Location
- Country: United States of America
- Territory: Alaska, Arizona, California, Hawaii, Nevada, Oregon, Washington

Statistics
- PopulationTotal;: ; ~150,000;
- Churches: 70

Information
- Cathedral: Annunciation Cathedral
- Secular priests: 64

Current leadership
- Patriarch: Ecumenical Patriarch of Constantinople
- Major Archbishop: Archbishop Elpidophoros of America
- Metropolitan: Gerasimos (Michaleas)

= Greek Orthodox Metropolis of San Francisco =

The Greek Orthodox Metropolis of San Francisco is an ecclesiastical territory or metropolis of the Greek Orthodox Church in the Pacific region of the United States, encompassing the states of Alaska, Arizona, California, Hawaii, Nevada, Oregon, and Washington.

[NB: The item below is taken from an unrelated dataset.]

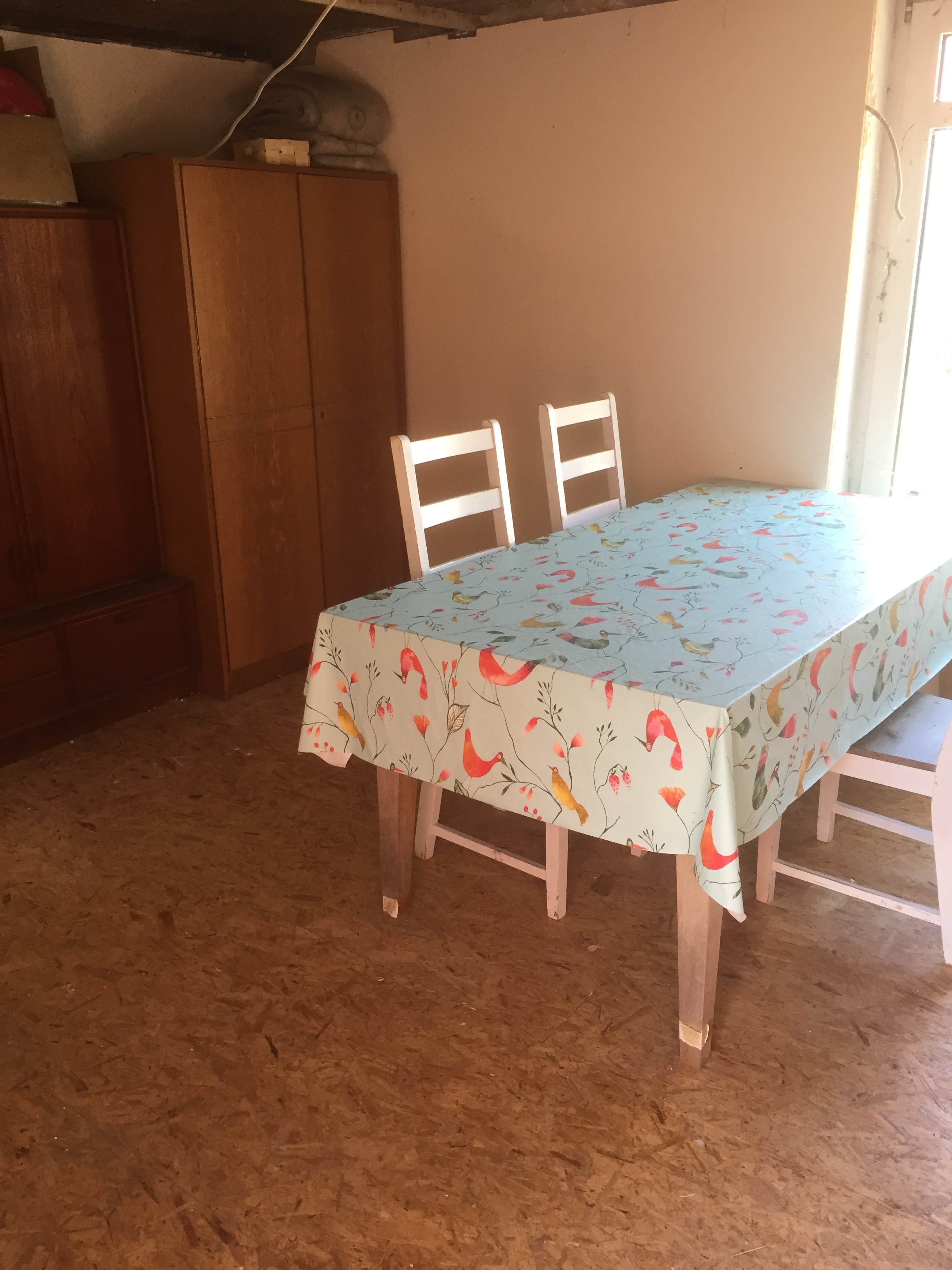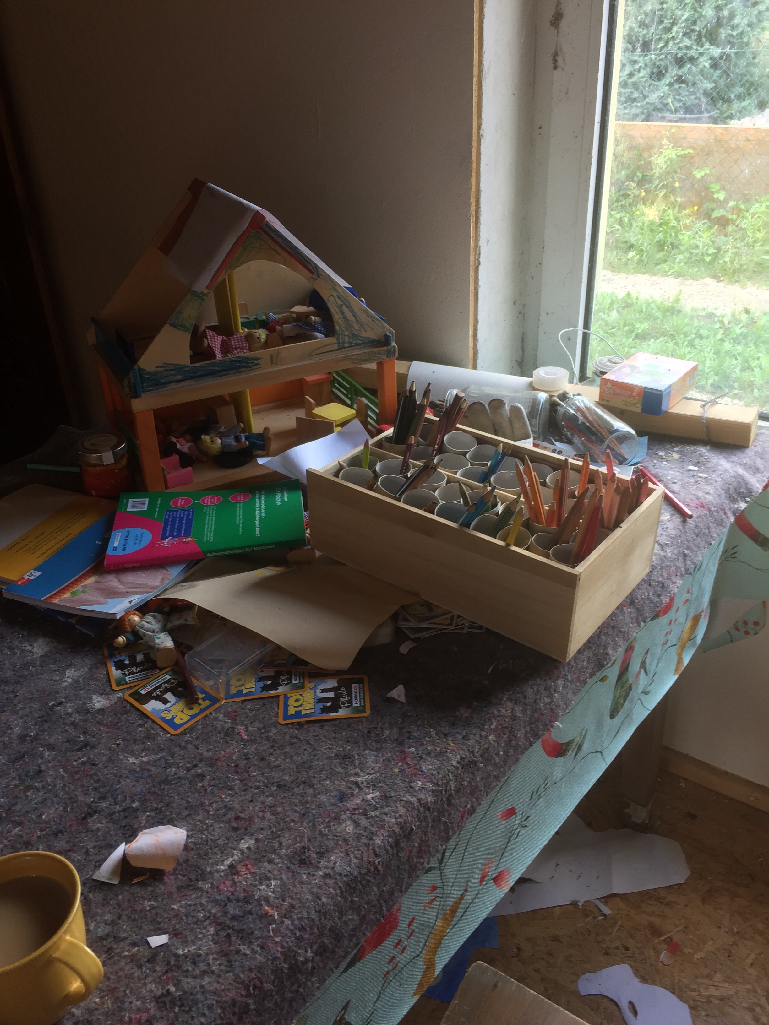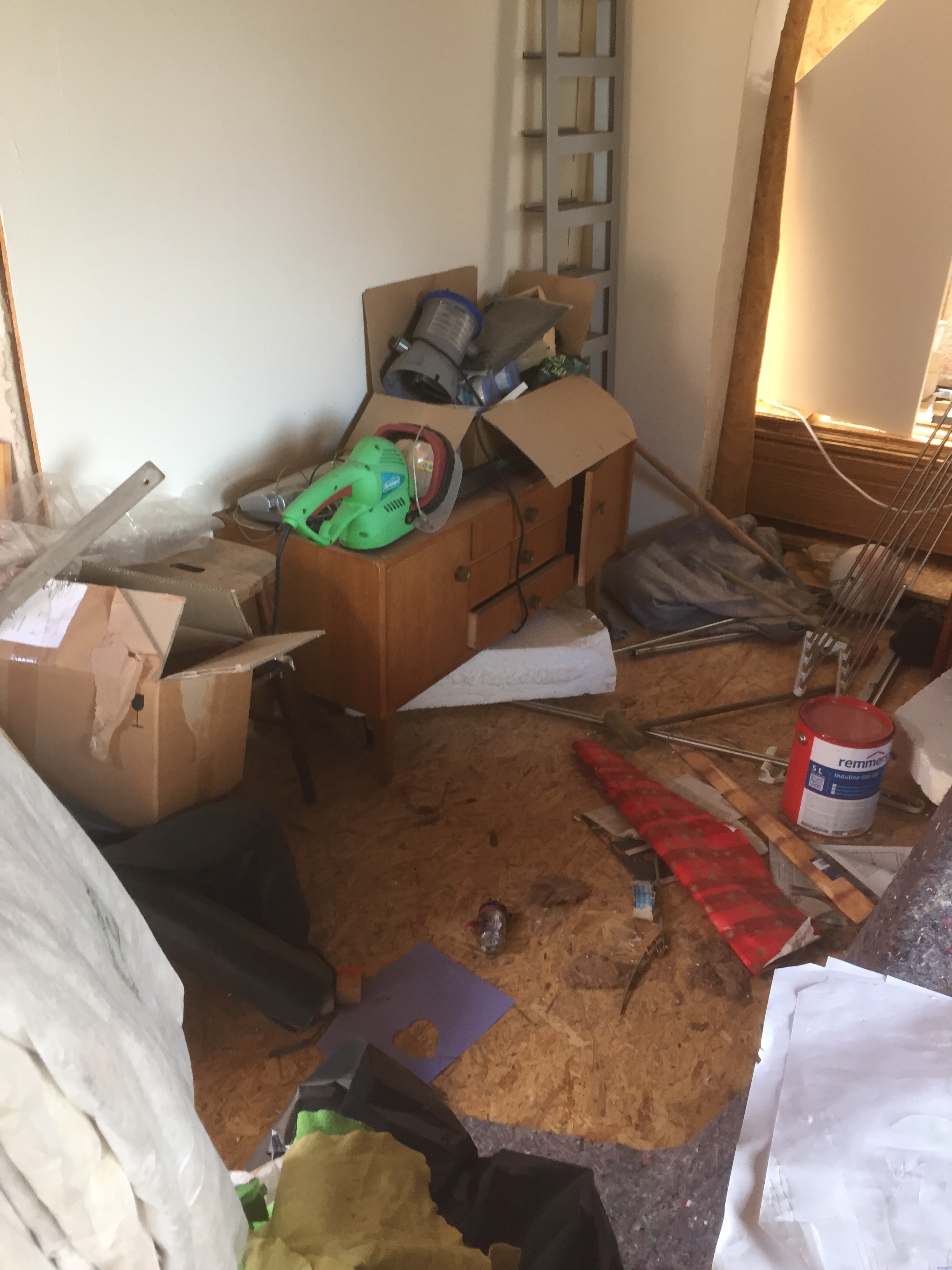 [folienstern:] „Petterson-Kette – wenn ich die Sachen aus dem Anbau räumen will, muss ich die Sachen von der Treppe räumen, aber damit ich die wegräumen kann, muss ich erst das Atelier aufräumen. Da haben da kleine Mädchen und die Nachbarsjungs bei Regen gespielt.“
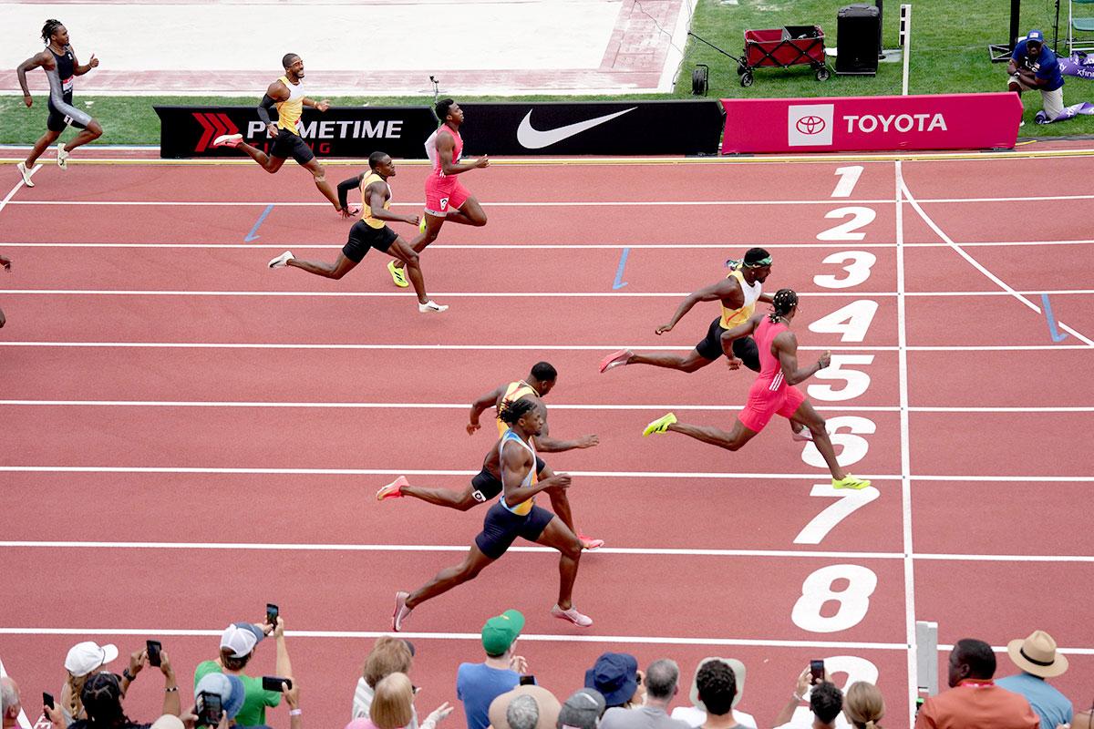IMAGE: Noah Lyles (7) defeats Kenny Bednarek (6) to win the 200 metres, 19.63 to 19.67, in an ill-tempered race during the USATF Championships at Hayward Field, Eugene, Oregaon, USA. Photograph: Kirby Lee-Imagn Images/Reuters

It is part of the Greek Orthodox Archdiocese of America and is led by a metropolitan bishop who serves as the priest of the mother church, Annunciation Cathedral in the City of San Francisco. Right Reverend Metropolitan Gerasimos was enthroned as the Greek Orthodox Metropolitan Bishop of San Francisco on April 2, 2005, following his election to that post by the Holy Synod of the Ecumenical Patriarchate in Phanar, Constantinople, Turkey.